Arch Pediatr. 2006 Dec;13(12):1581-8. doi: 10.1016/j.arcped.2006.10.009. Epub 2006 Nov 27.

ABSTRACT

OBJECTIVES: To describe the different pathways of management of intussusception (IS) in infants and children in metropolitan France and to identify paediatric emergency centres that might constitute a surveillance network for IS.

MATERIAL AND METHODS: A questionnaire was sent to 273 paediatric emergency centres distributed across France in 2005. Modalities of diagnosis and treatment of IS had to be precised.

RESULTS: One hundred and sixty-seven centres (61.2%) responded. The response was given by 131 paediatricians (78.4%) and 36 surgeons (21.6%) working in 38 universitary hospitals (22.7%) and 129 general hospitals (77.2%). The mean number of IS treated in each centre in 2004 was 11+/-13.5 (extr. 0 to 70; median 6). Diagnosis of IS required a collaboration between medical and surgical teams in 51.5% of the centres, but in 40.1% the sole medical team was in charge of the diagnosis. Ultrasonography is used for diagnosis by 98.8% of the centres. Reduction with hydrostatic enema and eventually surgery was performed in the same hospital in 44.3%. Other centres systematically or frequently transferred the patients for reduction, mostly towards universitary hospitals (90%).

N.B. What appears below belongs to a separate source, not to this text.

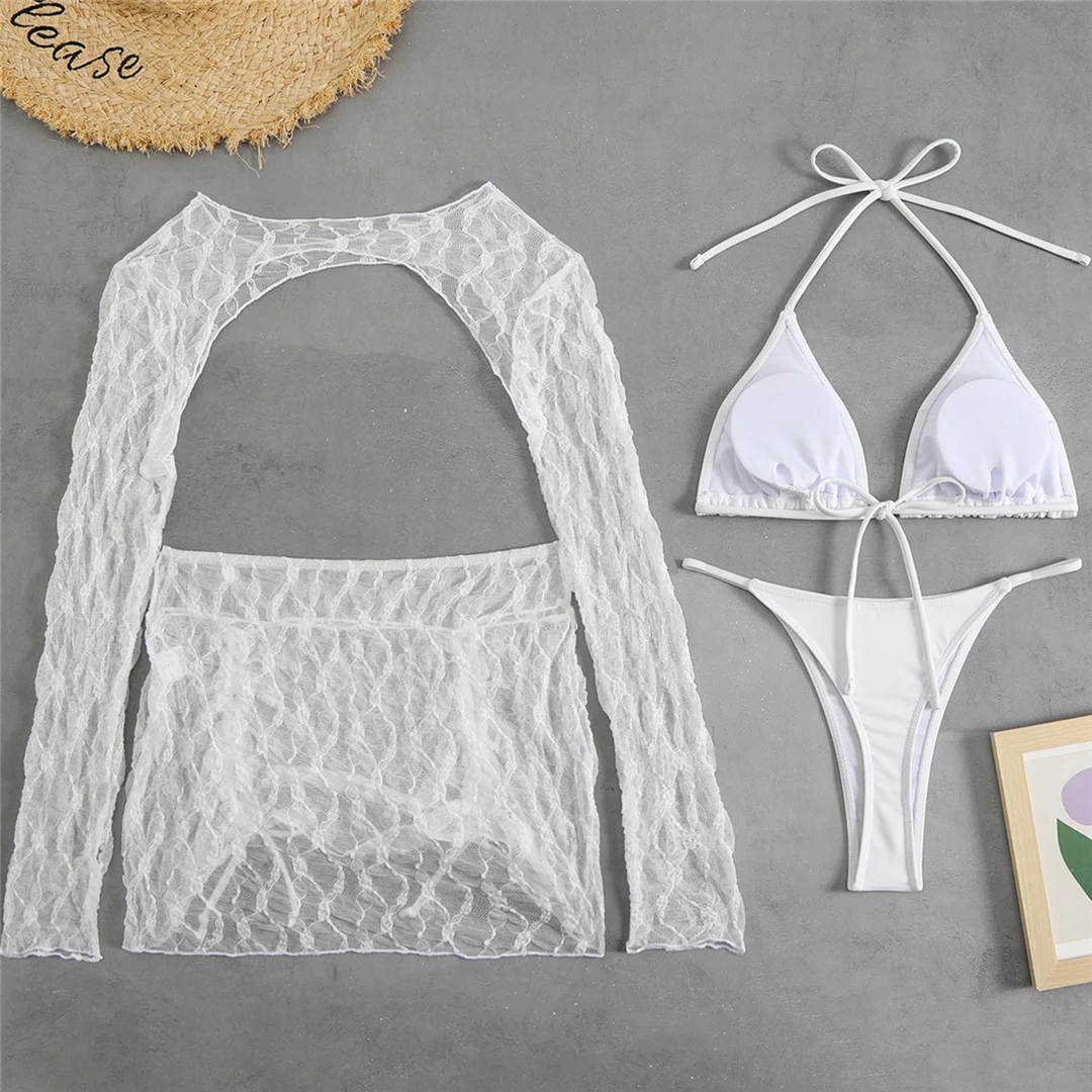 4PCS With Skirt Long Sleeve High Cut Bikini Female Swimsuit Women Swimwear Four-pieces Bikini set Bather Bathing Suit Swim V6341

CONCLUSION: The procedures of IS diagnosis are the same everywhere in France but the pathways of therapeutic management do vary, depending on the availability of surgeons and anaesthetists trained in paediatrics on each site. These disparities will probably change with the implementation of the new plan for sanitary organization in children and adolescents in France. Labellized paediatric emergency centres will gather more surgical patients and could eventually constitute an effective surveillance network for IS.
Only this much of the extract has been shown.